Das Hutewaldprojekt im Solling wurde von 2000 bis 2006 wissenschaftlich begleitet. Dabei hat sich gezeigt, dass sich die Artenvielfalt bereits im Verlauf dieses Zeitraumes im Projektgebiet durch die ganzjährige Weide erhöht hat und dass sich die Lebensvoraussetzungen für viele Licht und Wärme liebende Arten verbessert haben. So hat sich auch die Zahl der Fledermausarten seit Beginn des Projektes von 7 auf heute 14 Arten erhöht. Ein Naturerlebnis besonderer Art, so die Erfahrung des Praktikers, sind im Wald lebende Exmoorponys und Heckrinder zu beobachten.

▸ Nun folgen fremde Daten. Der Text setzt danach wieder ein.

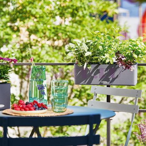 Озеленение балкона стало простым, как никогда ранее. В кашпо BALCONISSIMA Color есть место для трех горшечных растений, которые можно использовать даже без пересадки. Это позволяет создавать озеленение из цветов и кухонных трав. А благодаря зарекомендовавшему себя фитильному принципу полива растения всегда будут оптимально обеспечены водой.
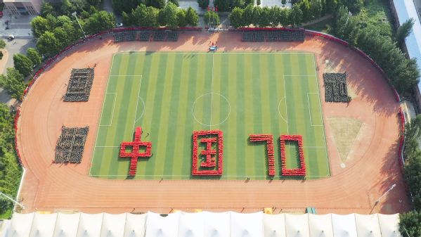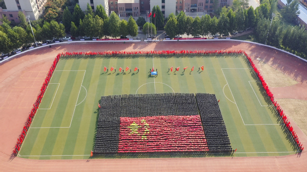 由1086名郑铁学子组成的队形变化方队,意气风发,身姿矫健,如腾飞的巨龙,以奔腾之势汇聚成“1949-2019”、“中国70”、“五星红旗”、并道铁轨等图案字样,书写着共和国70年的沧桑巨变,展现着共和国70年的日新月异,歌颂着共和国70年的繁荣富强。

Die Forstverwaltung plant jetzt im Hasbruch, wie im „LÖWE-Programm“ (bereits seit 1991) und der Forsteinrichtung vorgesehen, die historische Nutzungsform des Hutewaldes in der Praxis mit Exmoorponies und Heckrindern zu zeigen. Eine Beweidung wurde in einem großen Teil des betreffenden Bereichs bereits in der Zeit von 1994 bis 2008 mit anderen Hausrindern durchgeführt. Vorgesehen sind wenige Hektar Waldfläche rund um die Habbrügger Wiesen. Soweit möglich, sollen die Habbrügger Wiesen in das Projekt mit einbezogen werden.

 

Rahmenprogramm

Eingerahmt wurde der Besuch im Hutewald durch Führungen in dem Niedermoor Teichwiesen und dem Hochmoor Mecklenbruch, sowie der Besichtigung der mittelalterlichen Dorfwüstung Winnefeld. Auch eine Besichtigung des Holzkohlemeilers in Delliehausen mit fachkundigem Vortrag gehörten zum Programm. Auch ein Abendspaziergang auf dem lehrreichen Baumtypenpfad in Uslar wurde angeboten. Am dritten Tag fand eine Führung durch den Schmetterlingspark in Uslar große Aufmerksamkeit. Nach einer Führung durch die Klosterkirche in Fredelsloh bestand noch die Möglichkeit zur eigenen Erkundung des Ortes.